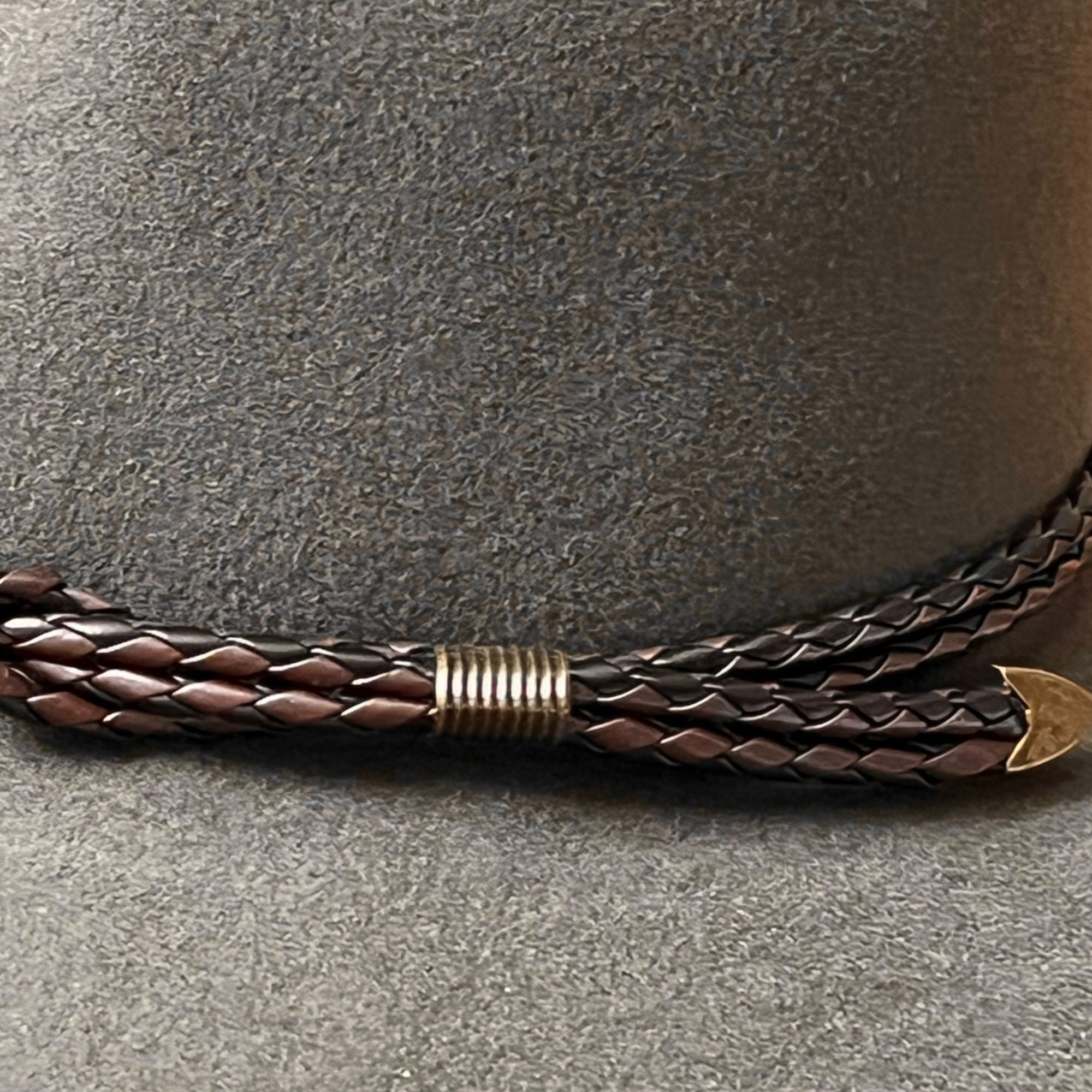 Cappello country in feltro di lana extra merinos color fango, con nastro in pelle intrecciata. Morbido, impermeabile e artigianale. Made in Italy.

--

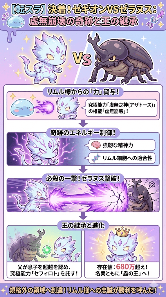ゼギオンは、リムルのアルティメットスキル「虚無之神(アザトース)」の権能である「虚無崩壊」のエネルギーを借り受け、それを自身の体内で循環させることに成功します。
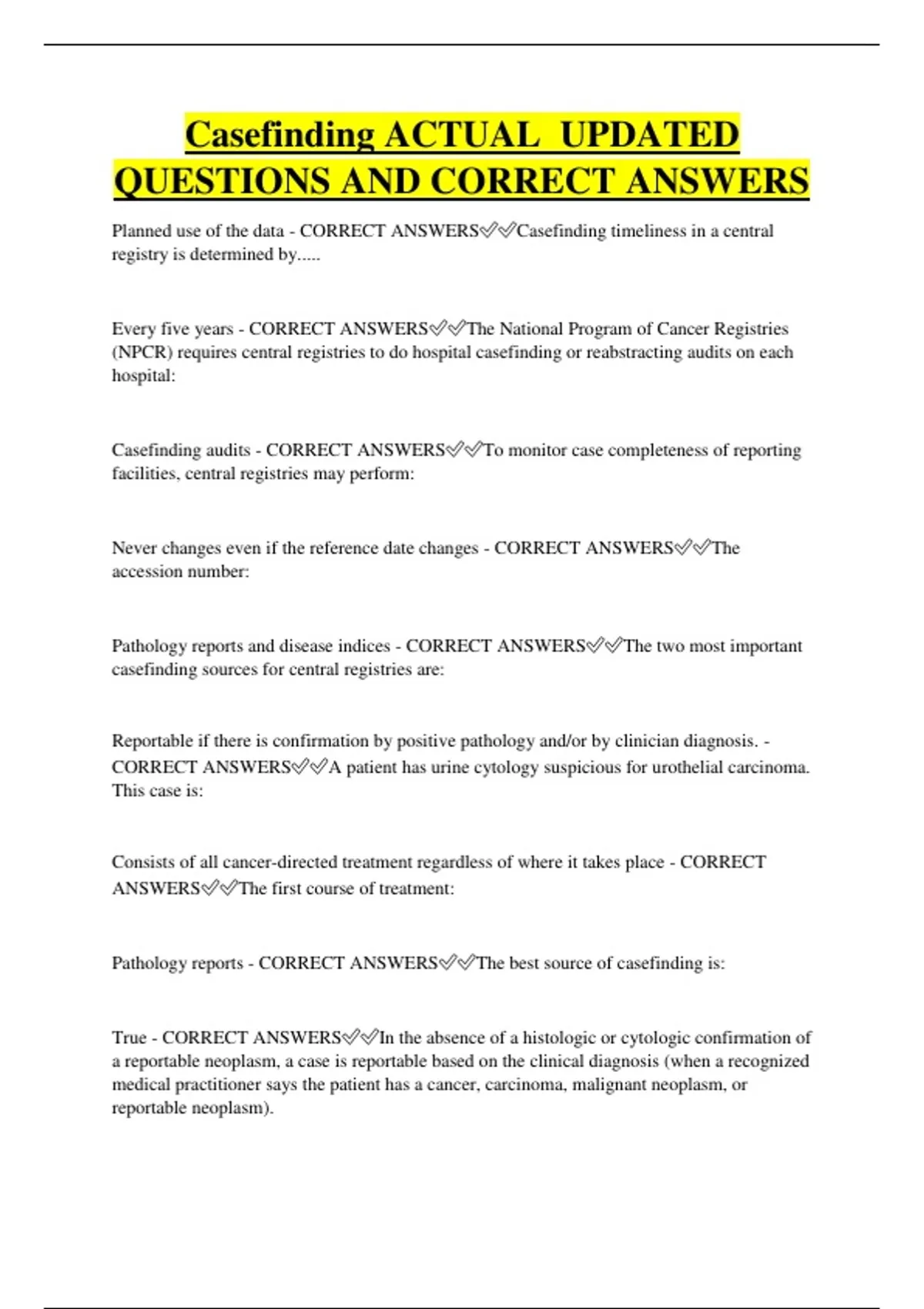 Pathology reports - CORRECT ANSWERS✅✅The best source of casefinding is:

TASK TO COMPLETE: Write out, word for word, the stretch of entries that begins at the line with "ゼギオンは、リムルのアルティ" and ends at the line with "Pathology reports - CORRECT". Pictures do not belong in it.

RESPONSE AREA:
ゼギオンは、リムルのアルティメットスキル「虚無之神(アザトース)」の権能である「虚無崩壊」のエネルギーを借り受け、それを自身の体内で循環させることに成功します。
 Pathology reports - CORRECT ANSWERS✅✅The best source of casefinding is:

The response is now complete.